Jean, as luck would have it, had insisted on carrying
both the two loaves of bread that Delaherche had given
them when they left his house. He was somewhat
surprised at the number of horses he met with, roaming
about the uncultivated lands, that fell off in an easy
descent from the central elevation to the Meuse, in
the direction of Donchery. Why should they have
brought all those animals with them? how were they
to be fed? And now it was night in earnest, and
quite dark, when he came to a small piece of woods
on the water’s brink, in which he was surprised
to find the cent-gardes of the Emperor’s escort,
providing for their creature comforts and drying themselves
before roaring fires. These gentlemen, who had
a separate encampment to themselves, had comfortable
tents; their kettles were boiling merrily, there was
a milch cow tied to a tree.

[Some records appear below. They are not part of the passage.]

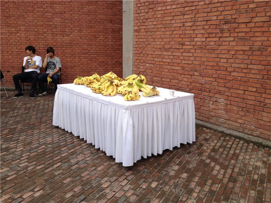 十几平米的空间展示了艾未未购藏的几件玉器,包括一个玉斧与从上面掏下来的一个iPhone的形质(玉斧的厚度刚好跟iPhone相近),一件商周时期的柄形器,一块中心有洞的大石头,以及两件玉石小件。早上的开幕现场,人气不减,在空间外还备有现做的早餐和香蕉。
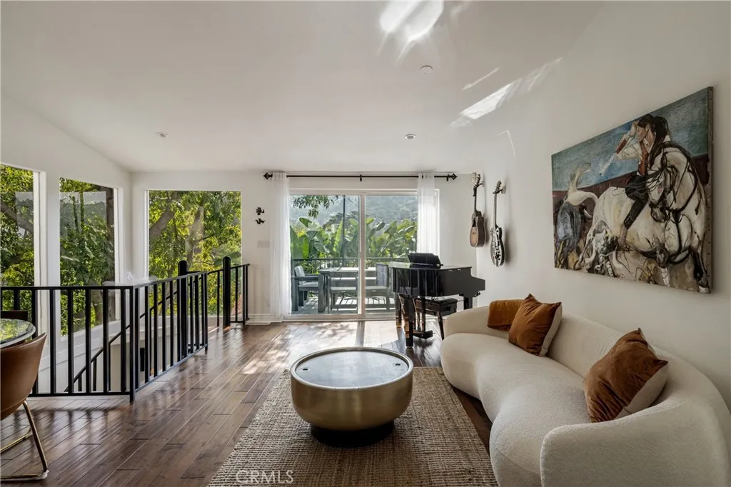 NEW PRICE!!! Located on a quiet cul-de-sac in the coveted Lake Hollywood Knolls, this thoughtfully updated Hollywood Hills home blends contemporary comfort with serene hillside views. Wood floors, high ceilings, and abundant natural light create an inviting, elevated atmosphere throughout. The open-concept chef’s kitchen features stainless steel appliances, a center island, and generous cabinetry—ideal for both everyday living and entertaining. Offering approximately 2,100 square feet, the flexible floor plan includes 4 bedrooms and 3 bathrooms, providing ample space to live, work, and unwind. The primary suite and main living area open to a private balcony with sweeping mountain views, perfect for morning coffee or evening relaxation. A defining feature of the home is the lower level, designed as a true extension of the living space. The inviting family room features a built-in bar with sink and dishwasher, ideal for entertaining, movie nights, or extended guest stays. The space opens directly to a private backyard oasis featuring a tranquil fountain, built-in smoker, and BBQ, creating seamless indoor-outdoor living and exceptional privacy. Additional highlights include custom closet systems, an oversized driveway with ample parking, a spacious two-car attached garage with built-in cabinetry and overhead storage, smart home upgrades, EV charger, and a 2023 roof with a 15-year warranty. Gated for privacy and offering multiple outdoor living areas, the property provides year-round enjoyment in a peaceful setting. Conveniently located near Hollywood, Burbank, Downtown LA, and other top destinations, this home delivers style, flexibility, and excellent access to the best of Los Angeles.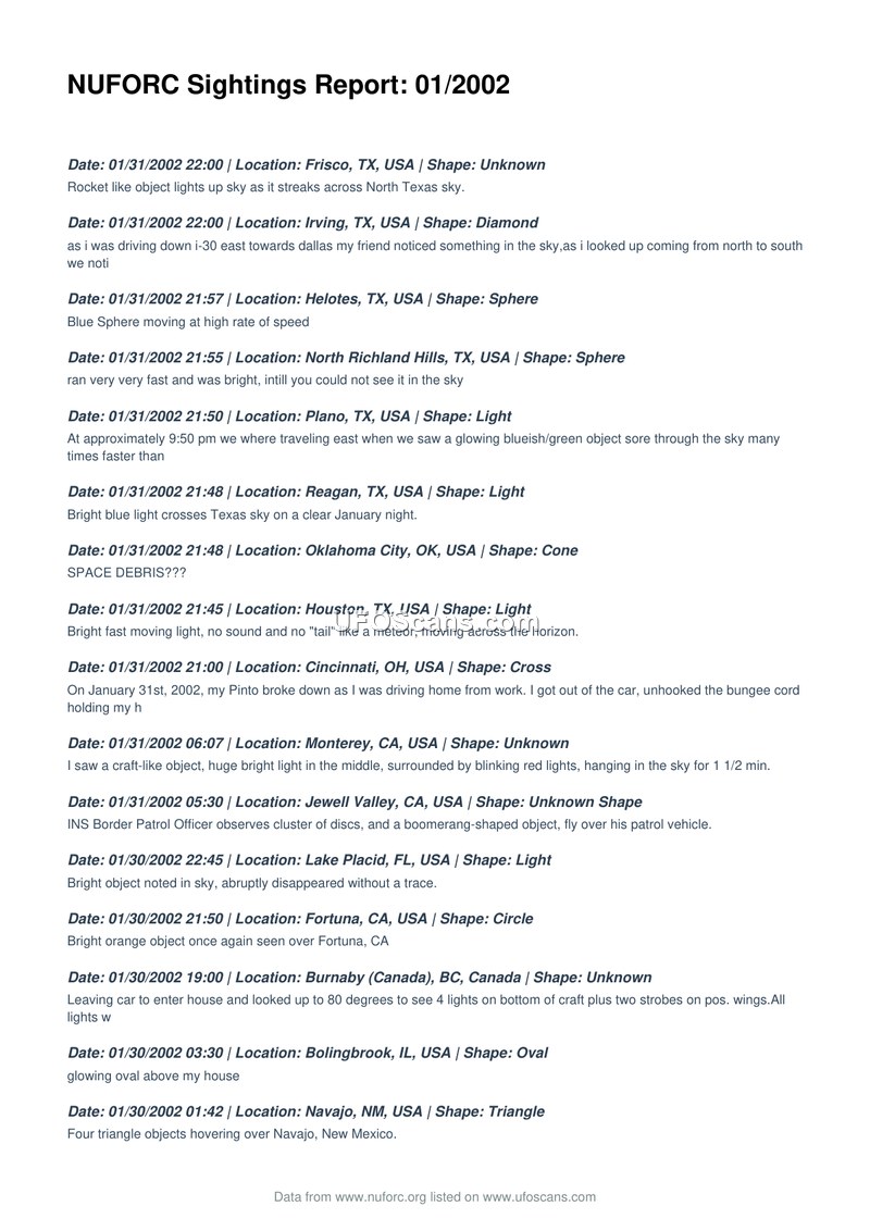 This document is a log of UFO sightings reported to the National UFO Reporting Center during January 2002. It provides a global snapshot of public reports, documenting various shapes, behaviors, and locations of observed aerial phenomena.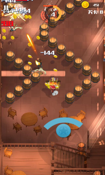 1、清除垂直屏幕上的舞台!西部是充满子弹雨和大量陷阱的危险场所。请小心,并展示自己的最佳举动,以自己的节奏通过舞台!

It did not take Maurice
long to see that he was not regarded with favor in
that quarter, poor devil of an infantryman that he
was, with his ragged, mud-stained uniform. They
graciously accorded him permission to roast his potatoes
in the ashes of their fires, however, and he withdrew
to the shelter of a tree, some hundred yards away,
to eat them. It was no longer raining; the sky
was clear, the stars were shining brilliantly in the
dark blue vault. He saw that he should have to
spend the night in the open air and defer his researches
until the morrow. He was so utterly used up that
he could go no further; the trees would afford him
some protection in case it came on to rain again.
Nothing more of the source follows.